# Great (appropriate taste and texture) vegetarian burgers - Adzuki bean-based



## seans_potato_business (Aug 8, 2008)

I just thought I'd share this recipe: http://www.get-real.co.uk/Quick%20Get%20Real%20Adzuki%20Burgers%20Traditional/QUICKG_1.HTM

Previously, I tried using lentils and black turtle beans as the base ingredients, but the texture was always like I'd mixed legumes and breadcrumbs and formed them into burger shapes! The burgers I just made and ate; I swear that the texture was just like meat burgers!

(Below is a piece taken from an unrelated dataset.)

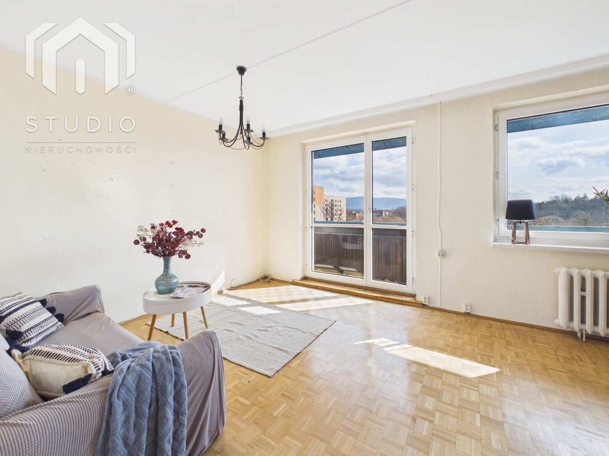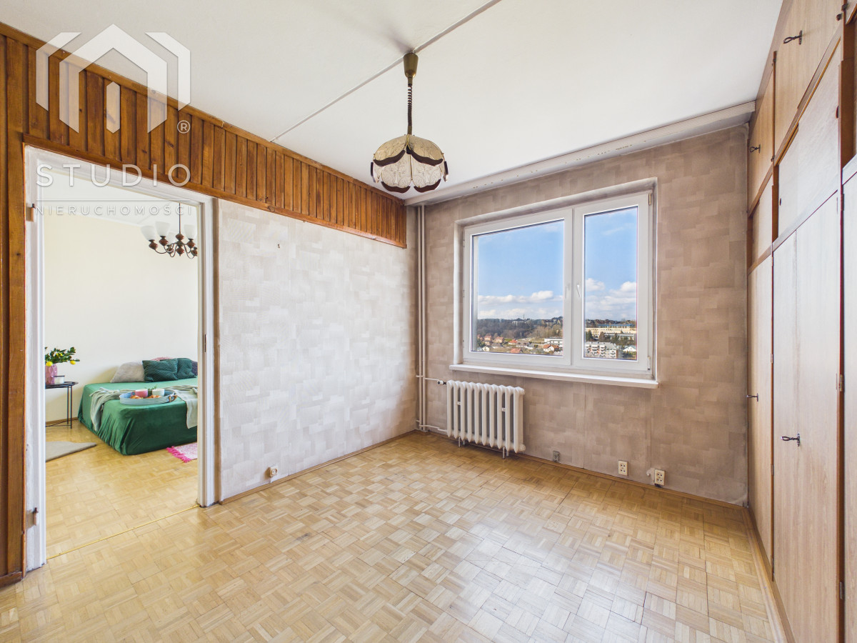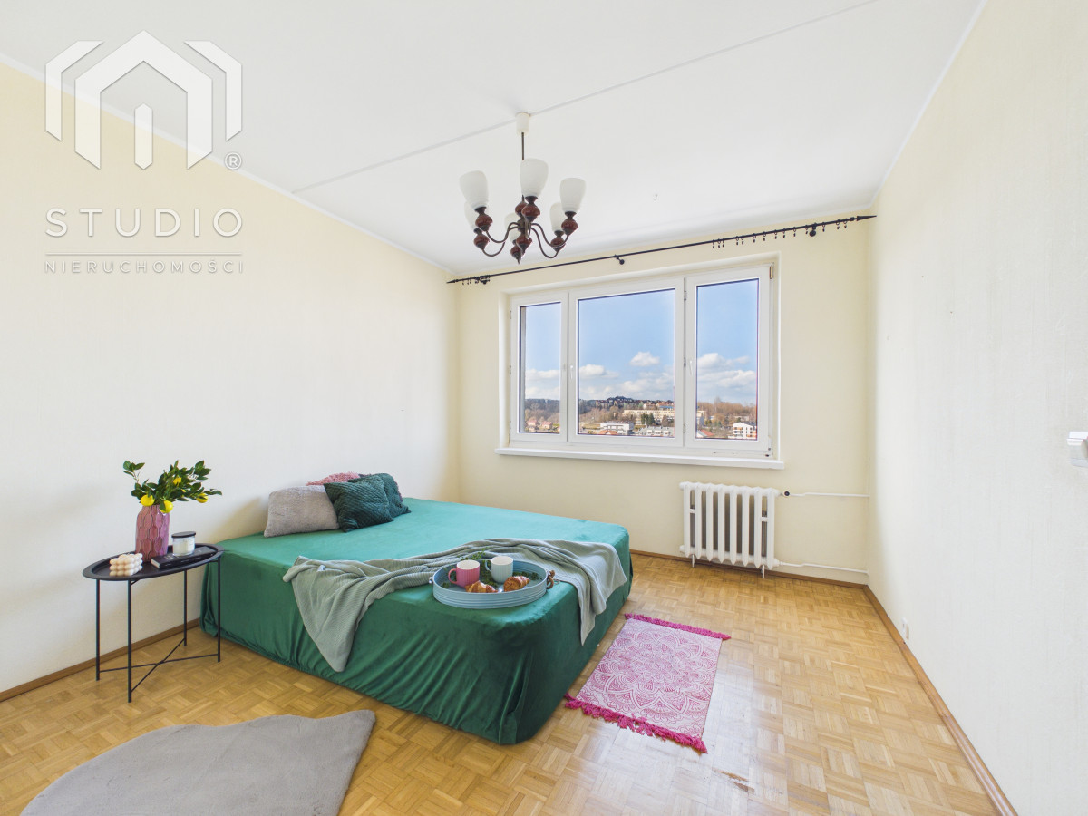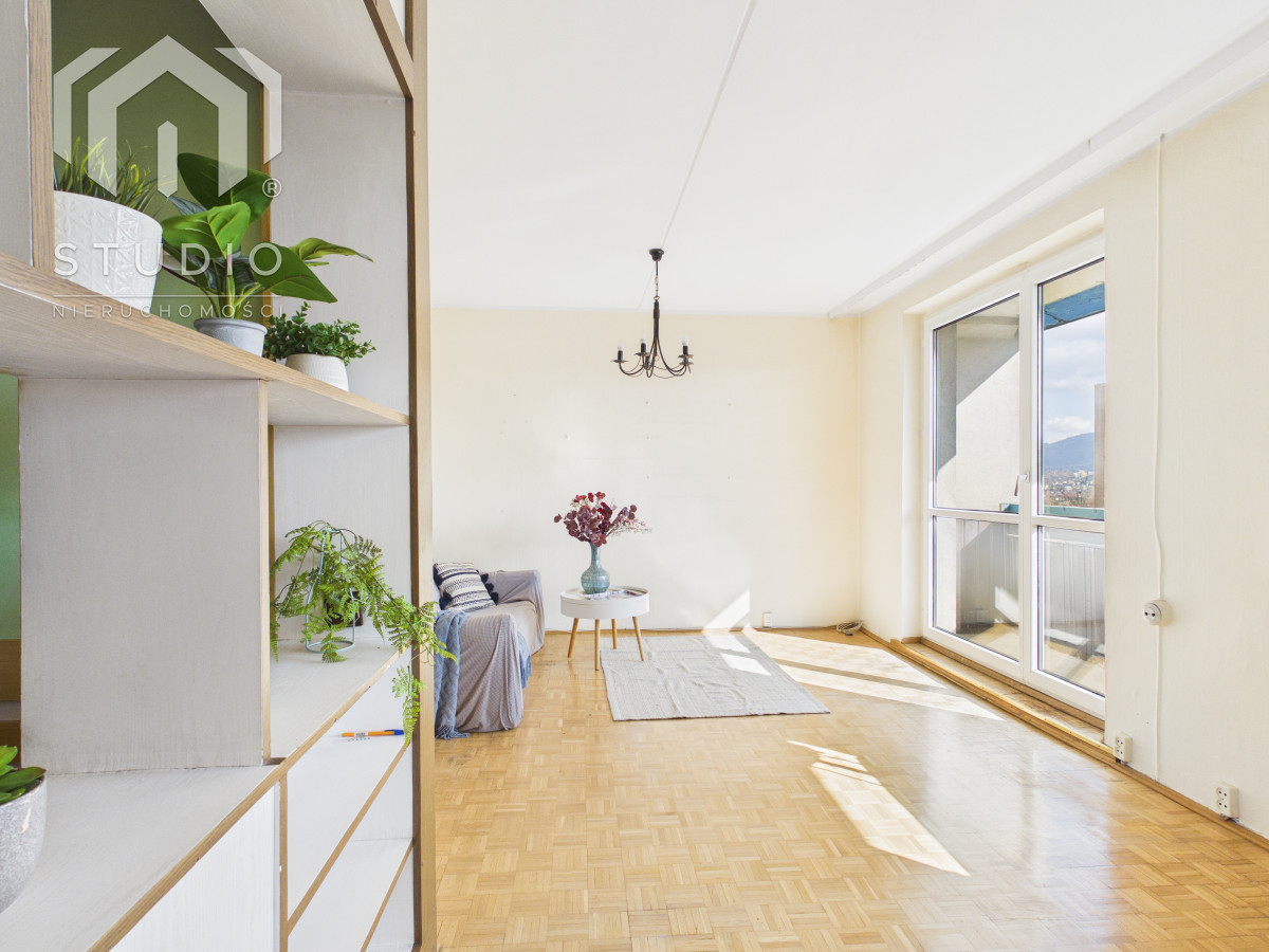 Lokal o powierzchni ok. 69 m² położony jest na siódmym piętrze 10-piętrowego budynku z windą. Mieszkanie wymaga remontu lub odświeżenia, co daje nowemu właścicielowi możliwość aranżacji wnętrza według własnych potrzeb. Okna PCV z ekspozycją północ-południe zapewniają bardzo dobre doświetlenie - mieszkanie jest jasne i słoneczne przez cały dzień. Z dużego balkonu rozpościera się piękny, panoramiczny widok na miasto oraz pasmo gór, który zachwyca o każdej porze dnia

I did deviate from the original flight-plan, so I'm not certain if it's a simple case of finding the right bean (adzuki/aduki) or if also happened to have other ingredients in the correct proportions (I hate measuring things out).

Deviations:
About 2/3 cup of adzuki beans soaked for a day at room temperature and transferred to refrigerator at about 0 degrees celcius (which I corrected this morning) for two days
No marmite used
Soy sauce and strained tomato used to facilitate blending (through lubrication of mixture)
Seasoning: monosodium glutamate, paprika, random yellow powder left by previous occupant (some kind of flavoursome thing)
Breadcrumbs added to final mixture until mixture falls apart a little bit during stirring.

I shall continue my ad-hoc experimentation to determine the critical factors.

Edit: I just remembered something else which may have been crucial - I forgot to cook the beans! I went straight from soaking to blending. This will be duly investigated.


----------



## blissful (Aug 14, 2008)

While this may be safe, I'm unsure.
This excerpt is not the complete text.